Assignment — Show every line from the entries that follow which holds the word "each".

Source information —
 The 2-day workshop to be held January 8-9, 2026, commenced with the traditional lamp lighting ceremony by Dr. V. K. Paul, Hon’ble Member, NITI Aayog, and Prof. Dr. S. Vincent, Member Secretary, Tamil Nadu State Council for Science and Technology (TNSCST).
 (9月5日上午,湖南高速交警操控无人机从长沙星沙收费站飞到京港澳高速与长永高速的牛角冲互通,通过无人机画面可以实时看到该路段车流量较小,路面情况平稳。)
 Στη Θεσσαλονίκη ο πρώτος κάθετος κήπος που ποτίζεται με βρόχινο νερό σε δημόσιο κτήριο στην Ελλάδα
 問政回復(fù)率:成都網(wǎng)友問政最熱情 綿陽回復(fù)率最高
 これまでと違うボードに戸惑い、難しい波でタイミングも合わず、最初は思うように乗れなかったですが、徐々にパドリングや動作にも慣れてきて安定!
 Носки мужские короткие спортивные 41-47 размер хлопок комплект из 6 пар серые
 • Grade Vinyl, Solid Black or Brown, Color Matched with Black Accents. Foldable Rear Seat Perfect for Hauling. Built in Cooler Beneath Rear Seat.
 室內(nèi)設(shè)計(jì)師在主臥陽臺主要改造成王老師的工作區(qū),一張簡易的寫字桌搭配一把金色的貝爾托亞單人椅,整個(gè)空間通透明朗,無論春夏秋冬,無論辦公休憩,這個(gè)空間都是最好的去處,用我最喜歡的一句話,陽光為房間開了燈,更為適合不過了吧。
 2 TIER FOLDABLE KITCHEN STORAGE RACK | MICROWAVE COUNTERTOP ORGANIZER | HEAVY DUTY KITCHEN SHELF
==
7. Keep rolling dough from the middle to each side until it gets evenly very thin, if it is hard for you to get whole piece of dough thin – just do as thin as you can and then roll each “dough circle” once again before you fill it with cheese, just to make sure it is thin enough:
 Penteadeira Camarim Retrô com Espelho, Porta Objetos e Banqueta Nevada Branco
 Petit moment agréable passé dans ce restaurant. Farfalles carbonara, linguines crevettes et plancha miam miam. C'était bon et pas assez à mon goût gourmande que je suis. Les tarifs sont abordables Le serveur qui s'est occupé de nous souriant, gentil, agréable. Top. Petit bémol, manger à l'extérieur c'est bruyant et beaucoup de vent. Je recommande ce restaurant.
...
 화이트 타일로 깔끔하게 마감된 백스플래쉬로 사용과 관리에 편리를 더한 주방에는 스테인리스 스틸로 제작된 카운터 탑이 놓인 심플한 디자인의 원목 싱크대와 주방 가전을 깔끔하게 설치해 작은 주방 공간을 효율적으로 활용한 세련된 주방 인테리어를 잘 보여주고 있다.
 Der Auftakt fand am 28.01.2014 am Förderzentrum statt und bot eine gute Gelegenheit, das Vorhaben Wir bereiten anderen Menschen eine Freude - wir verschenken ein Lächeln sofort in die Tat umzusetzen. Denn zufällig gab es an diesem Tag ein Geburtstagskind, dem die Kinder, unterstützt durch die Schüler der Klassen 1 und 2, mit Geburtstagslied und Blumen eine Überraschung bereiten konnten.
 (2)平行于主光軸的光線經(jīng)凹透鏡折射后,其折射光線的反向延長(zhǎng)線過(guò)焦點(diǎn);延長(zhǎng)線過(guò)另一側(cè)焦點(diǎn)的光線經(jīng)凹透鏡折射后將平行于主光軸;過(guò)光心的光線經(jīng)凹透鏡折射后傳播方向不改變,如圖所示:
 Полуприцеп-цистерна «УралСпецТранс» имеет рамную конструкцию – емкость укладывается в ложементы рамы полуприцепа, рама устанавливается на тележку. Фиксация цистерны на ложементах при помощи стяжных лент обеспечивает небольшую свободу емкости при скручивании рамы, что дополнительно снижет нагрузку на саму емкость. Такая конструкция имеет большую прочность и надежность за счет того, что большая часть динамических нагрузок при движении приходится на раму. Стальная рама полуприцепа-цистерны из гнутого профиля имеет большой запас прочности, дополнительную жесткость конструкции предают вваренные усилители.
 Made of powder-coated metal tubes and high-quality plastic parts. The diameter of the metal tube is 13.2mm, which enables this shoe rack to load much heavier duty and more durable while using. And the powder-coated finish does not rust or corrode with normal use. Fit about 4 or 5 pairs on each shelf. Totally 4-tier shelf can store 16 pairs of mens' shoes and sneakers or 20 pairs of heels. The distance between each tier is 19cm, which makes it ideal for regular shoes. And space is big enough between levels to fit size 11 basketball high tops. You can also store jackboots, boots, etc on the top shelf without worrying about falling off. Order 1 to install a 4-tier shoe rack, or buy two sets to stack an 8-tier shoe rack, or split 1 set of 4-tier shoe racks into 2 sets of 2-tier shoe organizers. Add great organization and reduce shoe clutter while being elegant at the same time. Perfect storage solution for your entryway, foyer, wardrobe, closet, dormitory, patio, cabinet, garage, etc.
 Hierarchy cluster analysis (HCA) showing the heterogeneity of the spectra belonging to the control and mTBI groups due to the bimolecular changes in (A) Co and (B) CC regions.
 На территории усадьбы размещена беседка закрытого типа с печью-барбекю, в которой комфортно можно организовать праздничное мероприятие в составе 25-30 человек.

Result —
7. Keep rolling dough from the middle to each side until it gets evenly very thin, if it is hard for you to get whole piece of dough thin – just do as thin as you can and then roll each “dough circle” once again before you fill it with cheese, just to make sure it is thin enough:
 Made of powder-coated metal tubes and high-quality plastic parts. The diameter of the metal tube is 13.2mm, which enables this shoe rack to load much heavier duty and more durable while using. And the powder-coated finish does not rust or corrode with normal use. Fit about 4 or 5 pairs on each shelf. Totally 4-tier shelf can store 16 pairs of mens' shoes and sneakers or 20 pairs of heels. The distance between each tier is 19cm, which makes it ideal for regular shoes. And space is big enough between levels to fit size 11 basketball high tops. You can also store jackboots, boots, etc on the top shelf without worrying about falling off. Order 1 to install a 4-tier shoe rack, or buy two sets to stack an 8-tier shoe rack, or split 1 set of 4-tier shoe racks into 2 sets of 2-tier shoe organizers. Add great organization and reduce shoe clutter while being elegant at the same time. Perfect storage solution for your entryway, foyer, wardrobe, closet, dormitory, patio, cabinet, garage, etc.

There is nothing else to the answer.